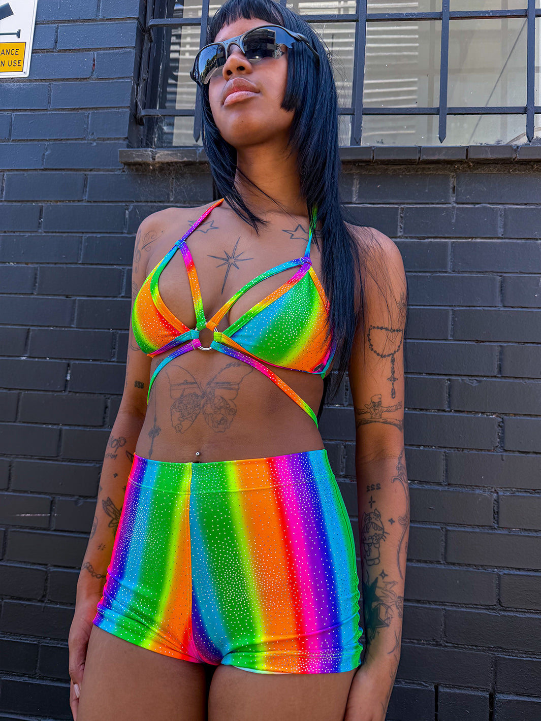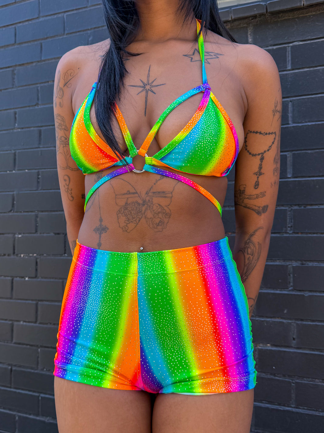 These Roller booty shorts will slip on every peach! In a vibrant sparkling rainbow lycra, they are the most comfy & flattering fit, perfect for dancing the day away!
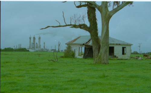 An old house, almost ready to collapse, with a production plant in the back ground both surounded by farm land
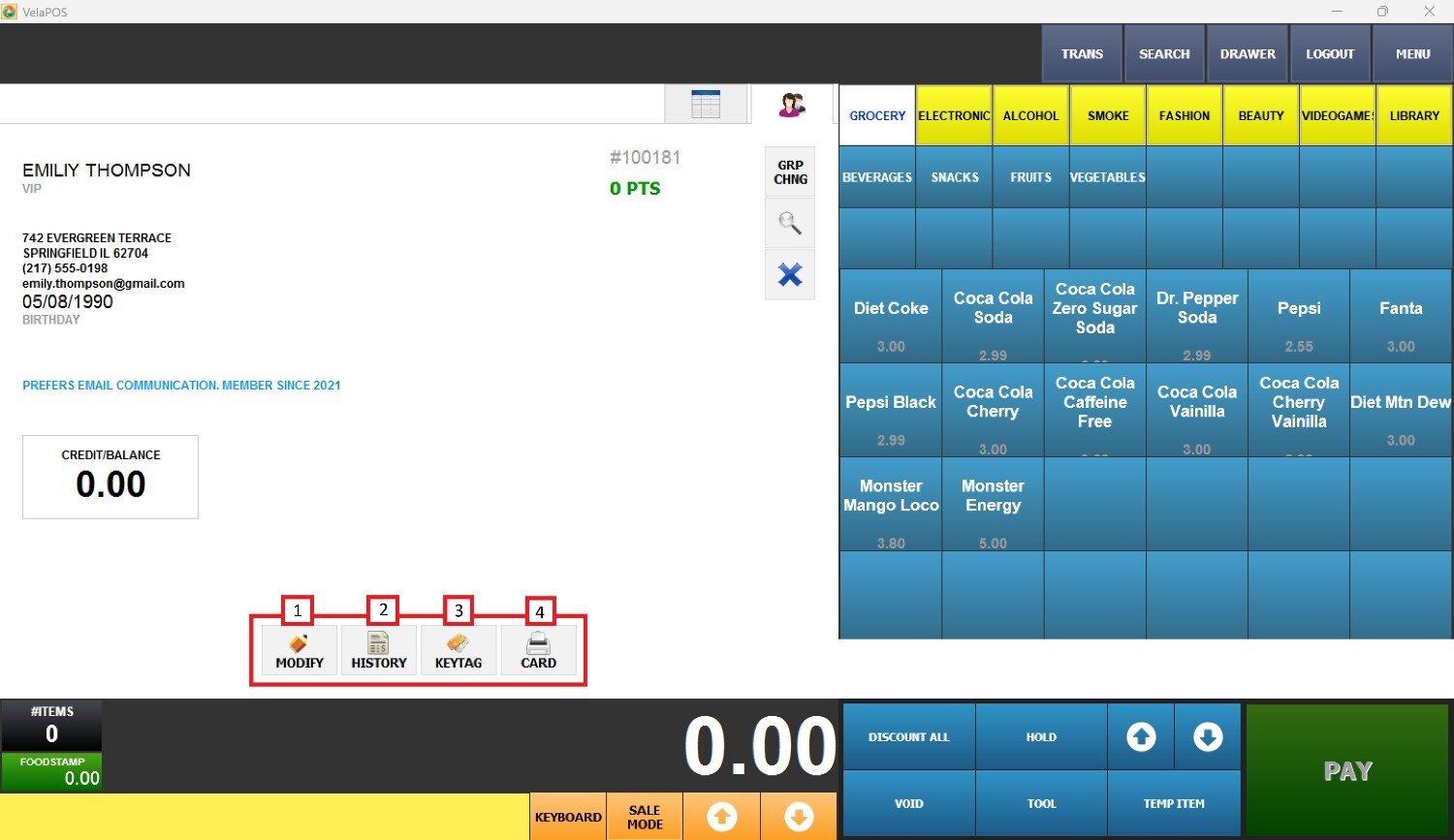 Main Screen> Number Pad> Sales Screen> Customer tab
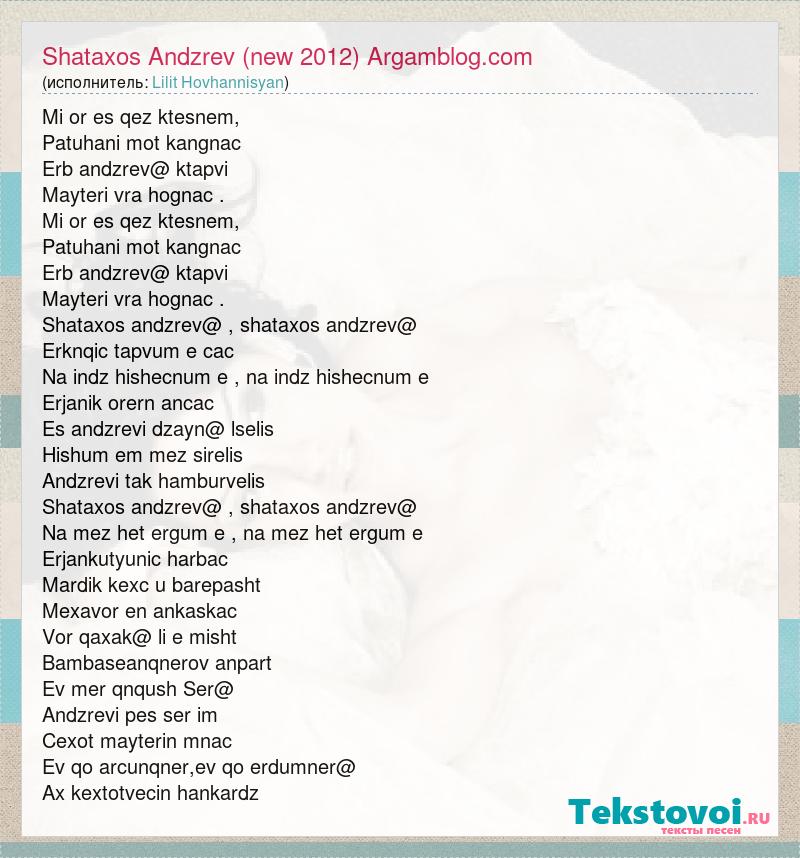 А как ты думаешь, о чем песня "Shataxos Andzrev (new 2012) Argamblog.com" ?
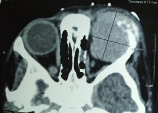 Figure 4. An axial contrast enhanced CT orbit reveal left eye proptosis and heterogeneously enhancing soft tissue mass lesion of size 32×25×27 mm in extraconal space of left orbit, possibly arising superolateral wall (frontal bone) of left orbit showing speculated/ ‘sun-ray’ periosteal reaction (arrow head). CT=computed tomography.
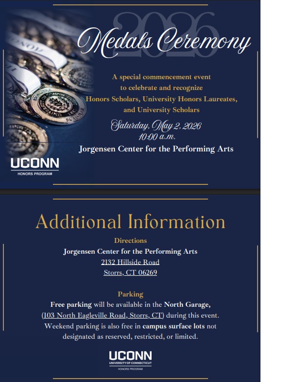 The 2026 Medals Ceremony for Honors, University Honors Laureate, and University Scholar awards will be taking place on May 2, 2026, at 10 AM.
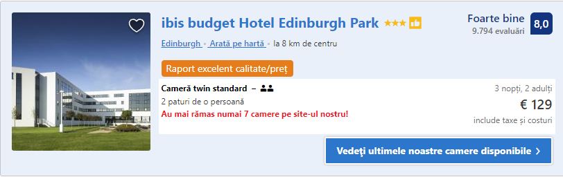 - Cazare 1: Ibis Budget Hotel Edinburgh Park – 129 euro / 3 nopti / camera dubla
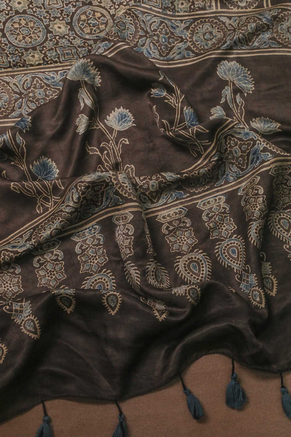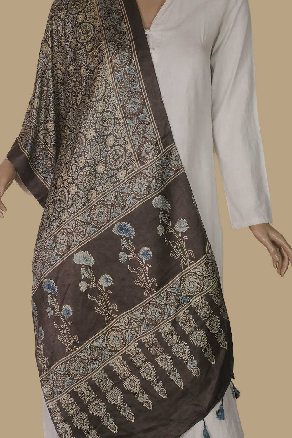 Exquisitely Hand Block Printed Ajrak Stole in Gajji Silk. Soft and comfortable, it sure would feel good around your neck. Ajrak is a traditional intricate hand block printing technique, where the use of natural colours and geometric patterns together spells Magic
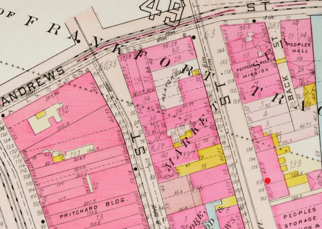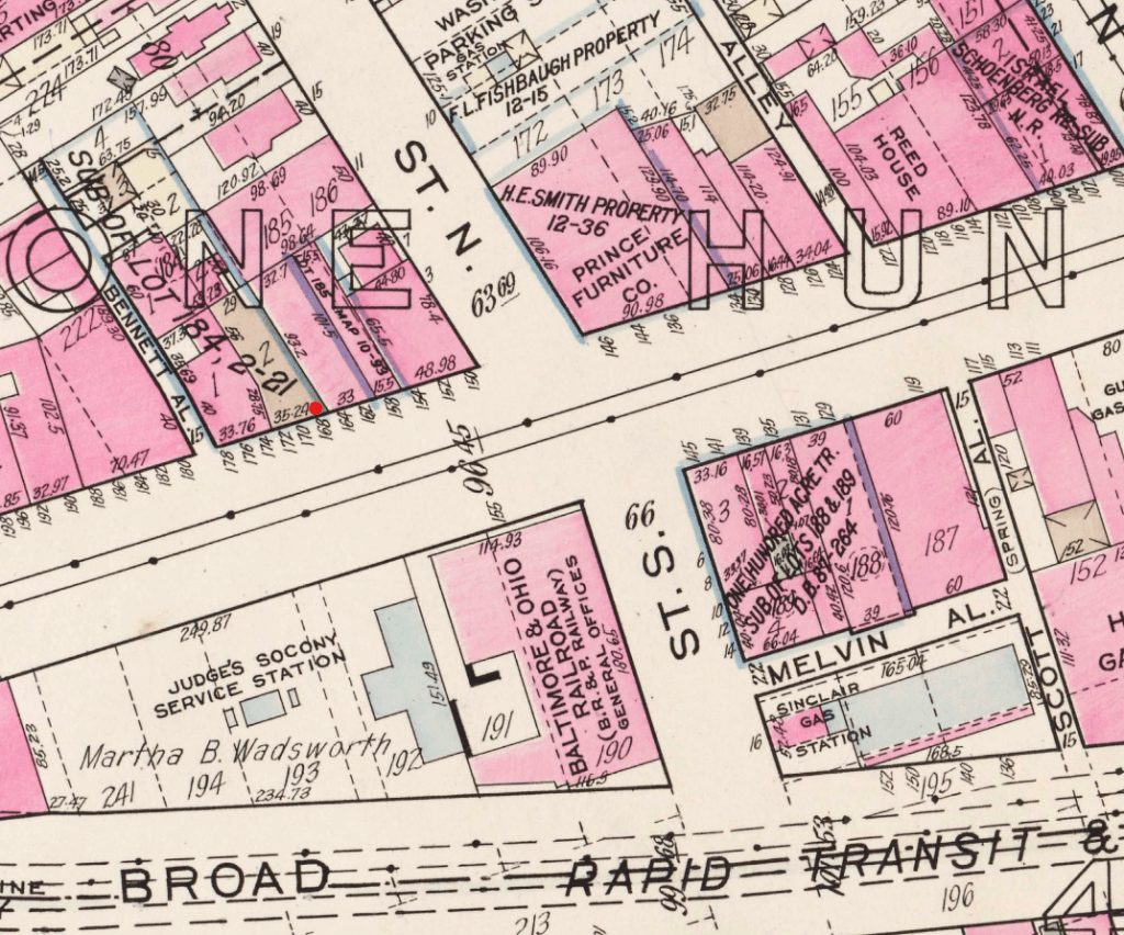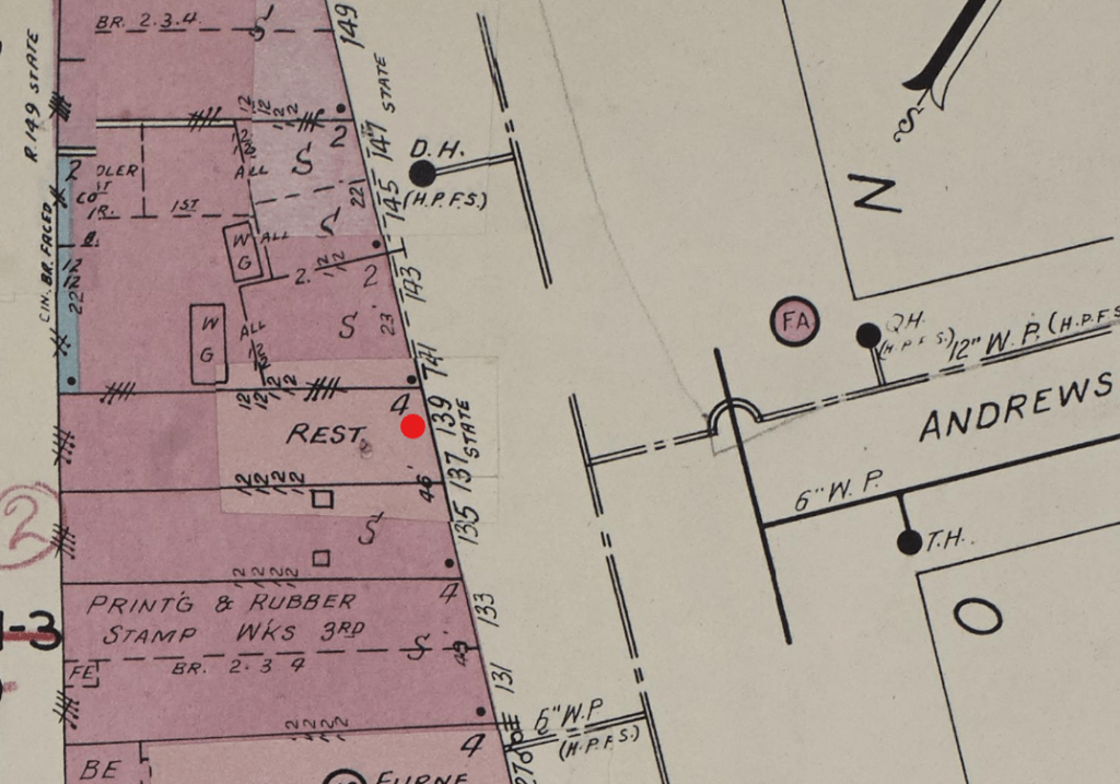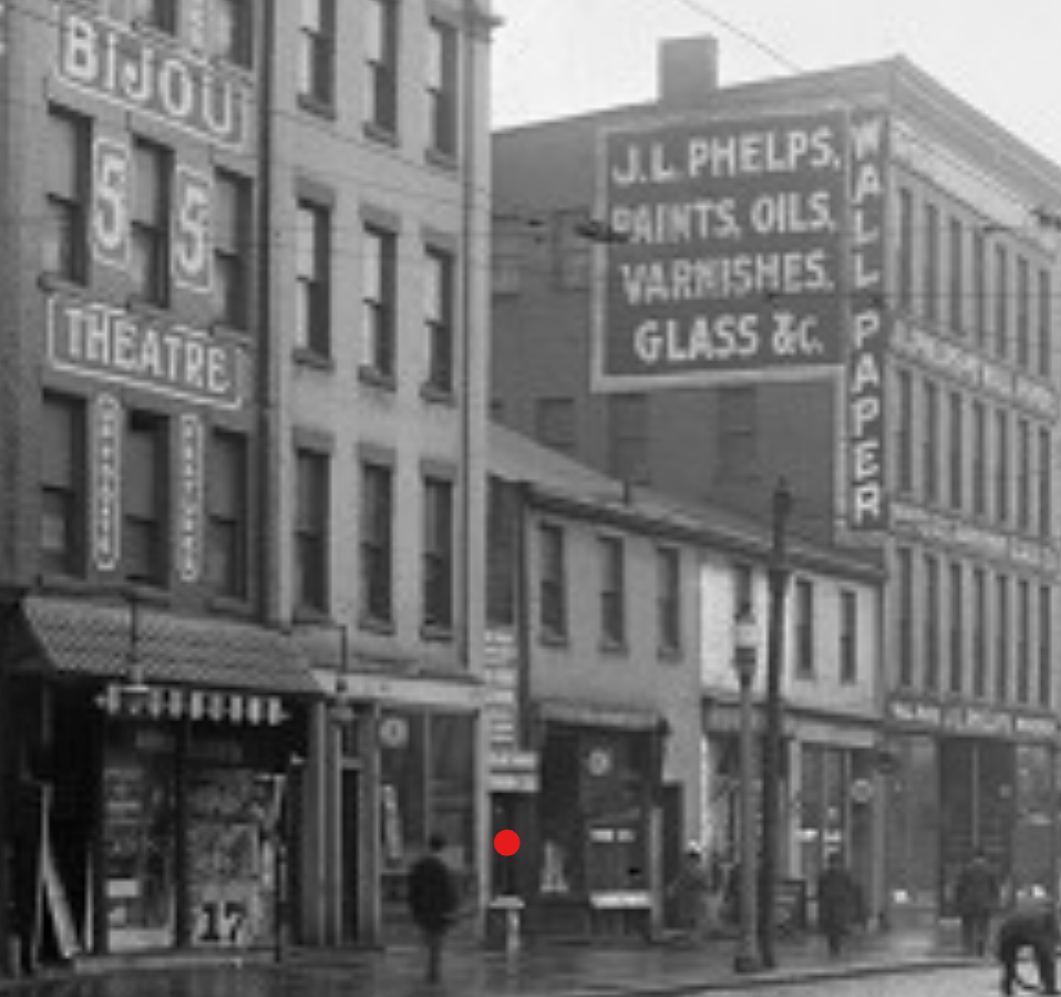 Red: No. 111½ State Street, the “Hole in the Wall”.

------------------------------------------------------------------------

» TASK TO CARRY OUT
Reproduce exactly and only the lines from the one with "An old house, almost" through the last entry, both included, excluding every picture.

» RESPONSE FOR THIS EXERCISE
 An old house, almost ready to collapse, with a production plant in the back ground both surounded by farm land
 Main Screen> Number Pad> Sales Screen> Customer tab
 А как ты думаешь, о чем песня "Shataxos Andzrev (new 2012) Argamblog.com" ?
 Figure 4. An axial contrast enhanced CT orbit reveal left eye proptosis and heterogeneously enhancing soft tissue mass lesion of size 32×25×27 mm in extraconal space of left orbit, possibly arising superolateral wall (frontal bone) of left orbit showing speculated/ ‘sun-ray’ periosteal reaction (arrow head). CT=computed tomography.
 The 2026 Medals Ceremony for Honors, University Honors Laureate, and University Scholar awards will be taking place on May 2, 2026, at 10 AM.
 - Cazare 1: Ibis Budget Hotel Edinburgh Park – 129 euro / 3 nopti / camera dubla
 Exquisitely Hand Block Printed Ajrak Stole in Gajji Silk. Soft and comfortable, it sure would feel good around your neck. Ajrak is a traditional intricate hand block printing technique, where the use of natural colours and geometric patterns together spells Magic
 Red: No. 111½ State Street, the “Hole in the Wall”.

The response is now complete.